The Iraq War, along with the War in Afghanistan, was described by President of the United States George W. Bush as "the central front in the War on Terror", and argued that if the U.S. pulled out of Iraq, "terrorists will follow us here." The ensuing conflict in Iraq has seen prolonged American involvement in the country against multiple terrorist and non-terrorist groups.

As the conflict dragged on, members of the U.S. Congress, the American public, and even U.S. troops have questioned the connection between the Iraq War and the fight against terrorism. Multiple leading intelligence experts have argued that the war in Iraq actually increased terrorism.

Terrorism in Iraq 

According to the Israel Intelligence Heritage & Commemoration Center, Saddam Hussein had a long history before the invasion of giving money to families of suicide bombers in Palestine. As part of the justification for the war, the Bush Administration argued that Saddam Hussein also had ties to al-Qaeda, and that his overthrow would lead to democratization in the Middle East, decreasing terrorism overall. However, reports from the CIA, the U.S. State Department, the FBI, and the Senate Select Committee on Intelligence, as well as the investigations of foreign intelligence agencies found no evidence of an operational connection between Saddam and al-Qaeda.

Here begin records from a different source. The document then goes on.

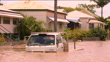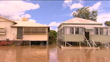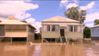 Queensland floods: waters peak in town of Rockhampton; AUSTRALIA: Queensland: Rockhampton:EXTTRACKING SHOTS from moving boat as along through flooded town, past stilt houses and vehicles submerged in brown muddy flood-water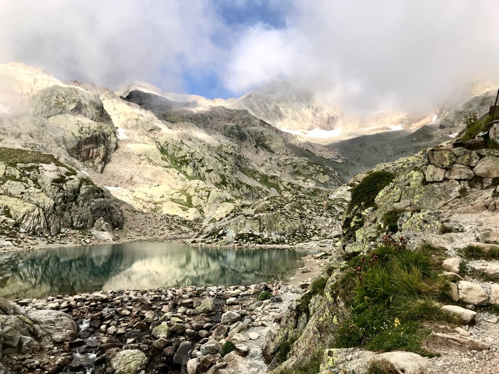 This was an easy walk through small Swiss towns and valleys and finally ascending to Champex-Lac and then on to the Relais d’Arpette. The ascent to Champex was a sudden surprise and strain, but easy compared to prior days. The forests along the way were quiet and shady, a nice break from previous days of heat. It rained a bit, but nothing horrific. In Champex-Lac, I made my way to the bakery Gentiana and stocked up on some goods, while demolishing a quiche and another coffee. I was undecided about what to do next, but finally settled on hiking up to Arpette in case I had the gumption to try the Fênêtre d’Arpette variante in the morning (which was also indicated to be weather dependent). This turned out to be a brilliant decision. The hike up to the Relais was beautiful, following along a small rushing river that provided enough distraction that I was surprised to reach the Relais so quickly. Further, the Relais d’Arpette has a quiet and intimate campsite, which would make this place a wonderful site for a rest day, and delicious, generous dinner. The staff were wonderful. The restaurant manager took one look at my huge heel blisters and fixed them up, leaving me with some medicated cream to apply. The campsite was quiet after dusk, and I slept soundly.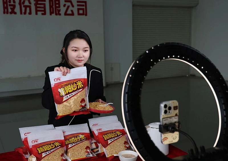 在公司直播区,谢园园正通过直播带货推介产品,现场将炒米倒入奶茶中搅拌演示,详细介绍产品种类,吸引不少网友关注下单。作为集研发、生产、销售于一体的食品企业,榆林市占军食品股份有限公司不仅专注炒米品质提升,还积极创新杏仁系列产品,研发推出杏核、杏仁、杏片、杏干四类产品,以丰富的品类矩阵,持续为消费者提供高品质、健康化的特色食品。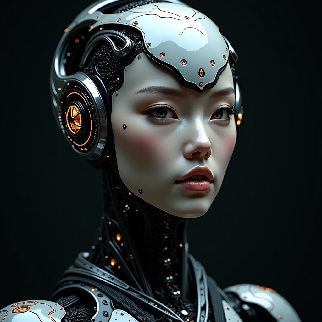 View this AI-generated image featuring a futuristic woman adorned in intricate robotic headgear her visage a harmonious blend of dark white and dark black her design gracefully integrates the elegance and fluidity of ancient chinese art as flowing lines and subtle patterns adorn her metallic frame t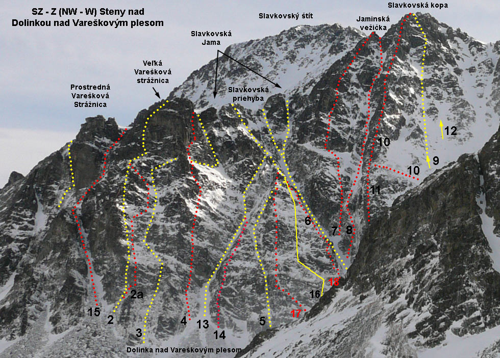 Ciekawą opcją jest zrobienie którejś z dróg na Warzęchowych lub Kopie i kontynuowanie granią na Sławkowski Szczyt, tak zrobiliśmy kilka lat temu po przejściu drogi Tatarki Jaminska Vezicka (nr 7), którą zresztą polecam. Zaraz obok znajduje się łatwiejszy Komin Zamkowskiego (nr 8), będący klasykiem masywu. Dla przypomnienia foto topo masywu - LINK.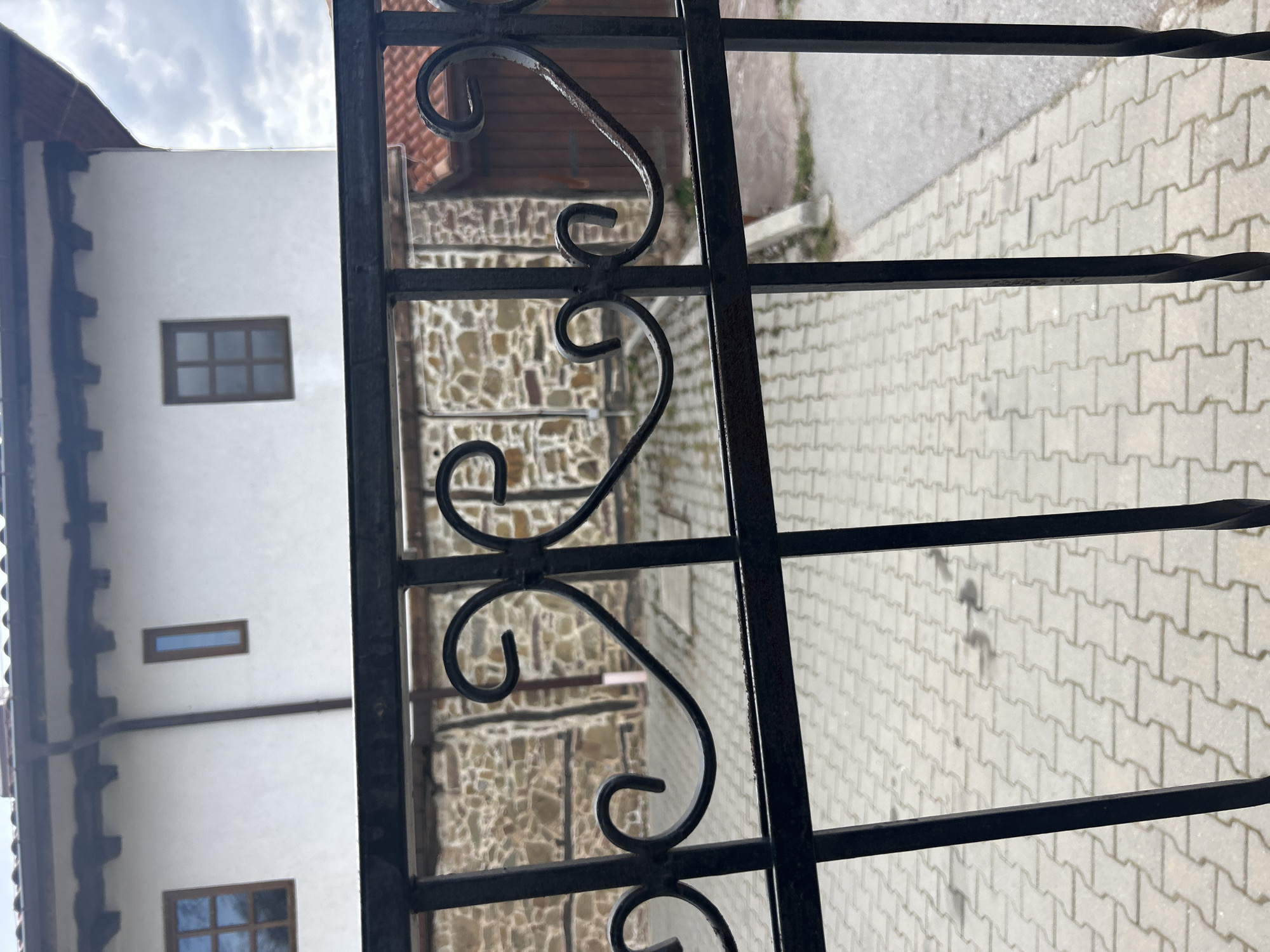 The image depicts an exterior scene in Gigintsi, Bulgaria, viewed through a wrought iron gate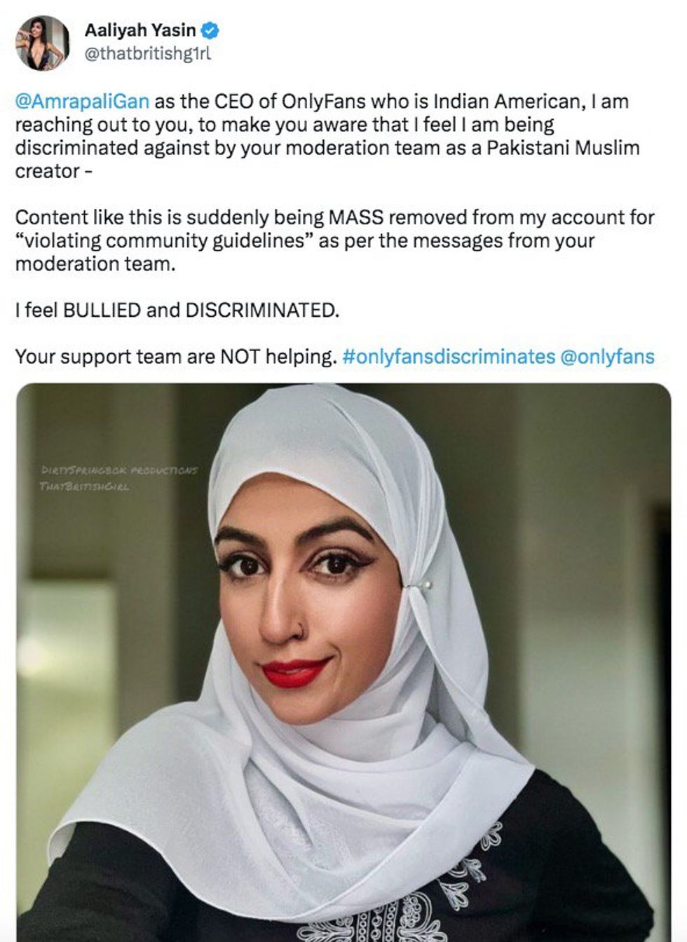 She wrote: "As the CEO of OnlyFans who is Indian American, I am reaching out to you, to make you aware that I feel I am being discriminated against by your moderation team as a Pakistani Muslim creator.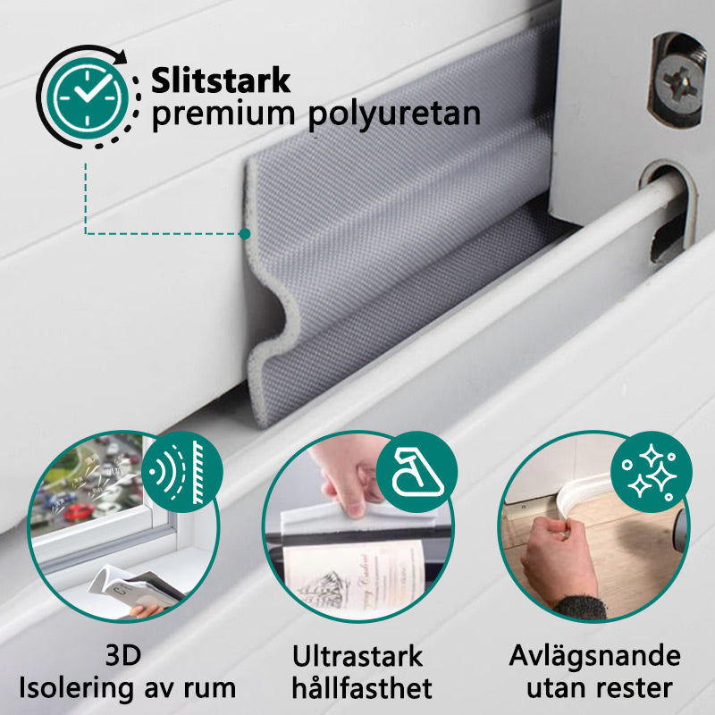 Tätningslist för skjutdörrar och fönster, ljudisolerad självhäftande spalt, vindtät dammtätningslist

Some intelligence experts argue that the Iraq war has increased terrorism. Counterterrorism expert Rohan Gunaratna frequently refers to the invasion of Iraq as a "fatal mistake."  London's conservative International Institute for Strategic Studies concluded in 2004 that the occupation of Iraq had become "a potent global recruitment pretext" for jihadists, and that the invasion "galvanized" al-Qaeda and "perversely inspired insurgent violence" there.  The U.S. National Intelligence Council concluded in a January 2005 report that the war in Iraq had become a breeding ground for a new generation of terrorists. David B. Low, the national intelligence officer for transnational threats, indicated that the report concluded that the war in Iraq provided terrorists with "a training ground, a recruitment ground...over time, the likelihood that some of the jihadists who are not killed there will, in a sense, go home, wherever home is, and will therefore disperse to various other countries." The Council's Chairman Robert L. Hutchings said, "At the moment, Iraq is a magnet for international terrorist activity."  And the 2006 National Intelligence Estimate, which outlined the considered judgment of all 16 U.S. intelligence agencies, held that "The Iraq conflict has become the 'cause celebre' for jihadists, breeding a deep resentment of US involvement in the Muslim world and cultivating supporters for the global jihadist movement."  According to Mohammed Hafez, "Since 2003, the number of suicide bombings in Iraq has surpassed all those of Hamas in Israel, Hezbollah in Lebanon, and the Tamil Tigers in Sri Lanka combined."

Al-Qaeda 

Following the initial invasion of Iraq in 2003, the conflict quickly shifted against fighting numerous insurgencies. This included multiple terrorist groups, most notably Al-Qaeda in Iraq. Al-Qaeda leaders have seen the Iraq war as a boon to their recruiting and operational efforts, providing evidence to jihadists worldwide that America is at war with Islam, and the training ground for a new generation of jihadists.  In October 2003, Osama bin Laden announced: "Be glad of the good news: America is mired in the swamps of the Tigris and Euphrates. Bush is, through Iraq and its oil, easy prey. Here is he now, thank God, in an embarrassing situation and here is America today being ruined before the eyes of the whole world." Al-Qaeda commander Seif al-Adl gloated about the war in Iraq, indicating, "The Americans took the bait and fell into our trap."  A letter thought to be from al-Qaeda leader Atiyah Abd al-Rahman found in Iraq among the rubble where al-Zarqawi was killed and released by the U.S. military in October 2006, indicated that al-Qaeda perceived the war as beneficial to its goals: "The most important thing is that the jihad continues with steadfastness ... indeed, prolonging the war is in our interest.".

ISIS 
From 2011, the conflict in Iraq shifted into the fight against the Islamic State. From 2011-2013, this insurgency was marked by the rapid rise of the Islamic State of Iraq, escalating dramatically during the War in Iraq (2014-2017). This conflict continues as part of a low level insurgency from the Islamic State since 2017.

Public opinion

At the outset of the war, the U.S. Congress and public opinion supported the notion that the Iraq War was part of the global war on terror.  The 2002 Congressional resolution authorising military force against Iraq cited the U.S. determination to "prosecute the war on terrorism", and in April 2003, one month after the invasion, a poll found that 77% of Americans agreed that the Iraq War was part of the War on Terror. Much of the organized violence encountered by the U.S. military was framed by the metaphor of a crusade, or total conflict, that was taken up by the terrorists. In 2004, an Army War College report said the war diverts attention and resources from the threat posed by Al Qaeda and called for downsizing the war on terror and focusing instead on the threat from Al Qaeda.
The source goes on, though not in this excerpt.